*WHAT YOU HAVE TO DO*: Give the entries back exactly, dropping each image.

▼▼▼

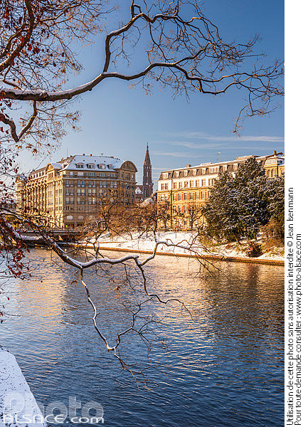 L'Ill et la Cathédrale de Strasbourg en hiver, Strasbourg, Bas-Rhin (67)
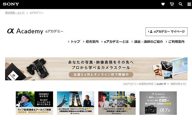 単なるYouTube配信と違って、αアカデミーのオンライン校での特別配信となっています。なので、無料で受講できると言っても、何もせずにみられるというものではなく、My Sony IDを取得して、αアカデミーから受講申し込みをする必要があります。
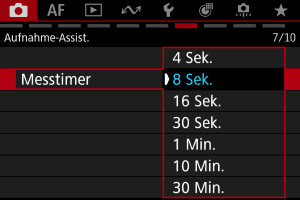 Sie können einstellen, wie lange der Messtimer ausgeführt wird (Festlegung der Dauer der Belichtungswertanzeige/AE-Speicherung), nachdem er nach einer Aktion, etwa halbem Durchdrücken des Auslösers, ausgelöst wurde.
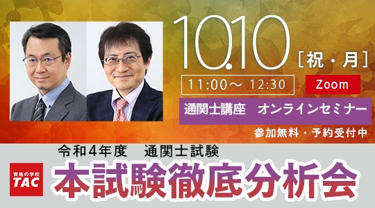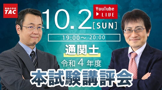 通関士、不動産鑑定士、宅建士、司法書士、日商簿記検定、公認会計士、公務員などの資格取得に向けた教育サービスを展開しているTAC株式会社(東京都千代田区、代表取締役社長:多田敏男)は、2022年10月2日(日)に実施される令和4年度(2022年度)通関士試験の「本試験講評会」を、同日19:00からYouTube Liveで開催いたします。
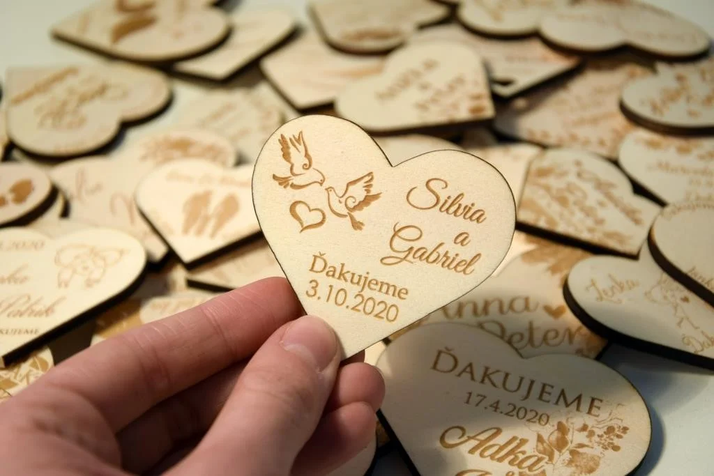Všetky magnetky vyrábame pre Vás na mieru, preto pri objednávke nezabudnite napísať menáa dátum Vašej svadby.

▲▲▲

*RESULT OF THIS EXERCISE*:
 L'Ill et la Cathédrale de Strasbourg en hiver, Strasbourg, Bas-Rhin (67)
 単なるYouTube配信と違って、αアカデミーのオンライン校での特別配信となっています。なので、無料で受講できると言っても、何もせずにみられるというものではなく、My Sony IDを取得して、αアカデミーから受講申し込みをする必要があります。
 Sie können einstellen, wie lange der Messtimer ausgeführt wird (Festlegung der Dauer der Belichtungswertanzeige/AE-Speicherung), nachdem er nach einer Aktion, etwa halbem Durchdrücken des Auslösers, ausgelöst wurde.
 通関士、不動産鑑定士、宅建士、司法書士、日商簿記検定、公認会計士、公務員などの資格取得に向けた教育サービスを展開しているTAC株式会社(東京都千代田区、代表取締役社長:多田敏男)は、2022年10月2日(日)に実施される令和4年度(2022年度)通関士試験の「本試験講評会」を、同日19:00からYouTube Liveで開催いたします。
Všetky magnetky vyrábame pre Vás na mieru, preto pri objednávke nezabudnite napísať menáa dátum Vašej svadby.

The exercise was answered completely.